REPUBLIKA.CO.ID, Oleh Abi Rekso (Analis Kebijakan Publik)
Stabilitas pemerintahan kian terganggu setelah dua Menteri Kabinet Presiden Jokowi, terseret kasus korupsi. Yakni, Menteri KKP dan Menteri Sosial. Keduanya adalah kader partai pendukung Jokowi-Ma'ruf pada putaran Pilpres 2019.
Kejadian yang berturut-turut ini bukan saja mencengangkan publik luas, namun juga menjadi tamparan kuat kepada para pendukung Jokowi yang selama ini konsisten melawan budaya korupsi dalam pemerintahan.
Sikap Presiden Jokowi yang mendukung segala bentuk penegakan hukum, tanpa pandang bulu adalah sebuah sikap yang patut diacungkan jempol. Artinya, dalam urusan korupsi Presiden Jokowi tidak pandang bulu. Setelah sebelumnya Idrus Marham sebagai Menteri Sosial juga pernah tersangkut masalah korupsi.
Menanggapi kegentingan ini, kebutuhan reshuffle semakin nyata. Sudah saatnya Presiden Jokowi mempertimbangkan hal ini secara segera. Reshuffle kali ini adalah kebutuhan atas menjawab kebuntuan sistem. Sudah ada dua Menteri Kabinet Jokowi yang tersangkut masalah korupsi. Sebelum catatan itu bertambah, ada baiknya Presiden mulai mempertimbangkan rombak kabinet segera mungkin.
Ini bukan soal politik akomodatif, ini tentang keberlangsungan sistem pemerintah di masa krisis pandemi. Kemudian juga muncul pertanyaan publik, apakah ada juga catatan buruk kinerja kementerian diluar dua Menteri yang tersangkut masalah korupsi? Di luar dua nama yang sudah tersangkut korupsi, menurut saya, nama Menkes Terawan juga menjadi sorotan penilaian yang kurang memuaskan.
Sektor kesehatan adalah barang publik yang sangat vital bagi masyarakat. Sudah semestinya, sejak awal orang yang memimpin Kementerian Kesehatan adalah orang yang selalu bergumul pada problem kesehatan rakyat. Bukan semata-mata orang yang meletakkan pelayanan kesehatan sebagai sektor bisnis jasa. Itu bertentangan dengan paradigma keadilan sosial.
Publik menilai absennya kepemimpinan birokrasi dan komunikasi publik selama Menteri Terawan memimpin. Kedua hal tersebut dianggap sangat buruk. Hal itu juga yang membuat Kementerian Kesehatan semakin tidak berperan selama pandemi.
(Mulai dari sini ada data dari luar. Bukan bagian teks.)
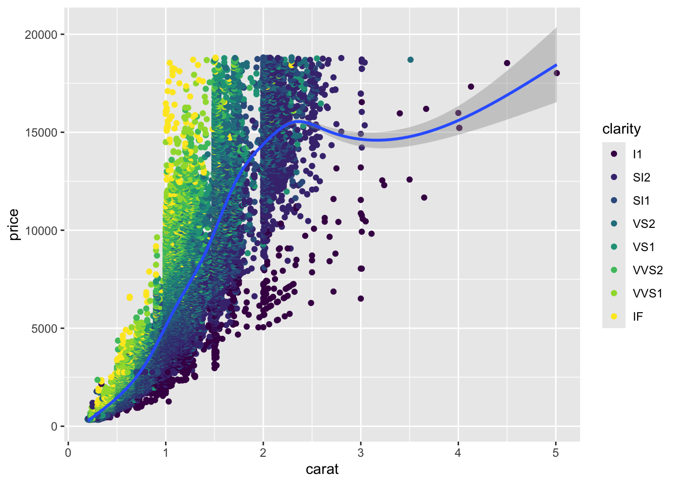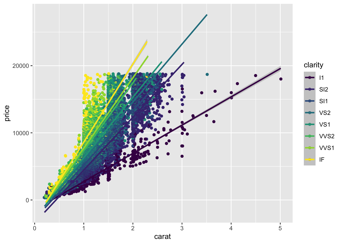 ggplot(diamonds, aes(carat, price, color = clarity))+geom_jitter()+geom_smooth(method ="lm")

Bahkan ,dalam banyak survei independen menjelaskan bahwa jika terjadi Reshuffle Kabinet maka posisi Menkeslah yang paling awal diminta publik untuk diganti.
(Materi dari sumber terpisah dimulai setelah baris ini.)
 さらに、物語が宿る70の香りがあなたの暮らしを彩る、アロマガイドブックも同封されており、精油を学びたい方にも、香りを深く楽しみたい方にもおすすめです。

Survei Datalyst Center menjelaskan, dari 2,2 juta pembicaraan publik selama Juli hingga November, nama Terawan mendapatkan 74 peesen sentimen yang paling buruk. Indonesia Political Opinion merilis bahwa 57 persen dari pembicaraan terkait Presiden Jokowi menuntut pencopotan Menteri Terawan. Dan yang terakhir soal kinerja kementerian yang di rilis Vox Populi Research Center merilis Menteri Terawan kinerjanya 0,1 persen. Artinya, sangat tidak kredibel kinerjanya.
Selama menjabat, Menkes sama sekali tidak terlihat kepemimpinan baik secara birokrasi maupun sektor kesehatan. Terlihat Menteri tidak bisa menguasai birokrasi di Kementerian. Maka semua hal macet dan tidak produktif. Juga dalam bentuk komunikasi kepada publik. Banyak pertanyaan publik yang tidak direspons atau diinformasikan terkait situasi dan kondisi selama pandemi.
Hal ini juga tentu menimbulkan banyak pertanyaan publik, apa saja sih kerja sang menteri? Sebagai penutup, kasus kepemimpinan Menkes harus menjadi perhatian khusus Presiden Jokowi, untuk mencari figur lain yang sesuai dengan kriteria kepemimpinan, komunikasi publik, dan keberpihakan pada kesehatan rakyat. Bukan semata-mata fokus pada sektor bisnis kesehatan yang membuat biaya sehat menjadi lebih tinggi.